On Jan 17, 2011, at 20:01 , Bram de Kruijff wrote:

> On Mon, Jan 17, 2011 at 5:26 PM, Marcel Offermans
> <marcel.offermans at luminis.nl> wrote:
>> 
>> On 17 Jan 2011, at 17:14 , Bram de Kruijff wrote:
>> 
>>> On Mon, Jan 17, 2011 at 4:57 PM, Marcel Offermans
>>> <marcel.offermans at luminis.nl> wrote:
>>>> On 17 Jan 2011, at 16:40 , Mark Machielsen wrote:
>>>> 
>>>>> /rest/index/[indexname] is an element URI. Wikipedia states for a put for 
>>>>> an element URI: "Update the addressed member of the collection, or if it 
>>>>> doesn't exist, create it.".
>>>>> So when I add a document, this is an update of the index (with identifier 
>>>>> indexname]).
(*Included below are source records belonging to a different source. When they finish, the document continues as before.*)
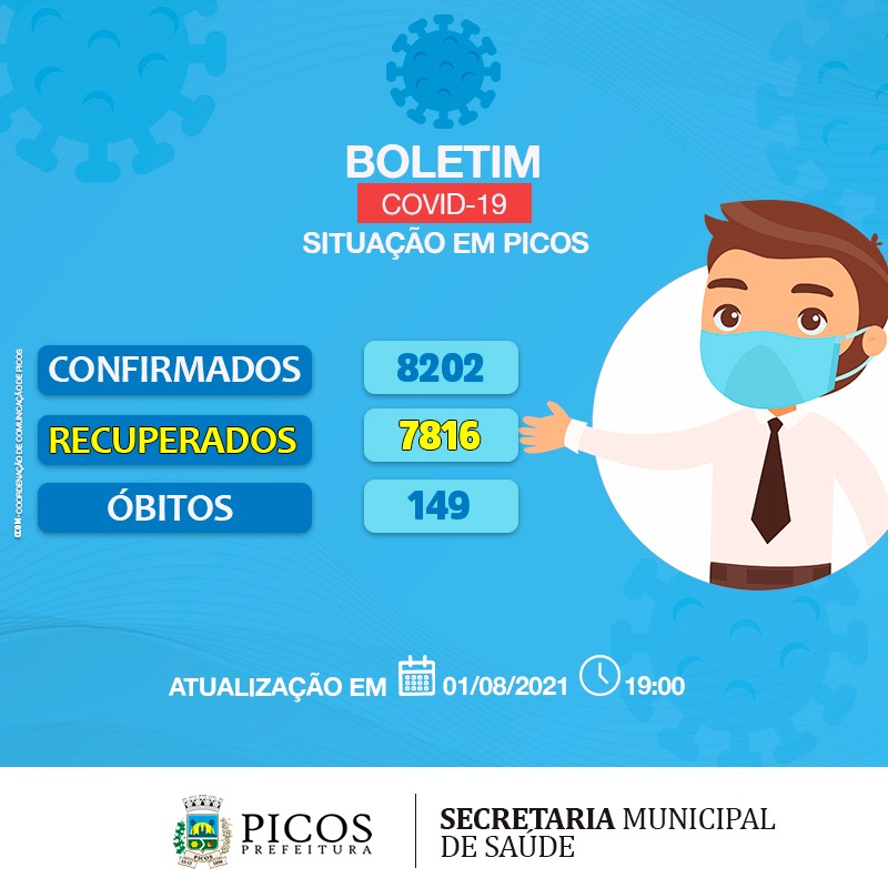 Em Picos, 8.202 pessoas já contraíram o vírus da Covid. Destas, 7.816 já se recuperaram. Há no município 237 picoenses infectados com o vírus.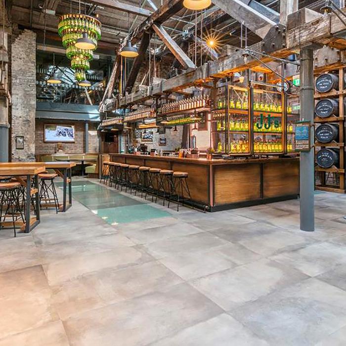 The aim of the project was to cover a 4,800m2 area with a material that guarantees aesthetic harmony and above all technical characteristics that meet the needs of a location that accommodates many people and is constantly exposed to materials that scratch the flooring, while also simplifying cleaning and sanitisation operations. Acustico 12, in the 60x120 cm size, fully met the requirements of the project, lending the floor great strength and elegance. The design is characterised by the choice of the Grey colour for the tiles, which gives the space a rustic, yet contemporary look. Following the renovation work, the Jameson distillery received the “World’s Leading Distillery Award” at the 2018 edition of the World Travel Awards.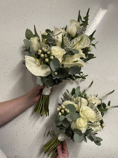 From bouquets and buttonholes to corsages, table centrepieces, pedestal arrangements and decorative venue displays, we design everything with care and attention to detail. Call us on 01776 56026 or complete the enquiry form at the bottom of this page and we will ensure your wedding flowers are beautifully prepared and delivered on time for your big day.

I only pass on the document I want to add, so this is a 
>>>>> partial update.
>>>> 
>>>> How can /rest/index/[indexname] be an element URI when lateron you state 
>>>> that PUT /rest/index/[indexname] adds a new document (to the collection)? 
>>>> What happens here when I GET /rest/index/[indexname] without any query? Do 
>>>> I simply get a list of all things in [indexname]?
>>> 
>>> He can, because he did not talk about adding it to a collection. You
>>> introduced this in reference to "a collection of resources" used in
>>> the REST context. In Mark's setup the "index" is the file, not the
>>> directory. If you PUT a file you update it with the body that
>>> accompanies the PUT. (as I mentioned in the prev post, partial updates
>>> is debatable but that is a different matter). Therefore a GET on will
>>> return a representation of that index. It does not matter (in the
>>> context of this discussion) how that looks so for arguments sake let
>>> it be "HELLO WORLD"  when doing the GET with a custom vnd
>>> accept-encoding :)
>> 
>> So an index is a file to which you can only add documents, and not a 
>> collection?
>> 
>> I assumed an index was a collection of documents that are indexed that 
>> supports basic CRUD operations. I also assumed you could query that index in 
>> two ways: with a query string and without (returning all indexed documents).
> 
> Yes, that is the source of confusion :)

Check! :)

> Not saying your assumption is
> invalid. I rather think it is a design choice whether you want to
> expose the 'documents' in the 'index' through the REST API and/or
> wether there is a reasonable implementation for doing this. And yes if
> we are doing that we'll need some paging support :)

Well, if we need paging support for doing queries, and we're not explicitly 
excluding a query that will return all documents and/or some other reasonable 
limit on the length of a single request, we'll indeed definitely need paging! 
:) I'm no Solr expert, but I guess it does support querying all documents?!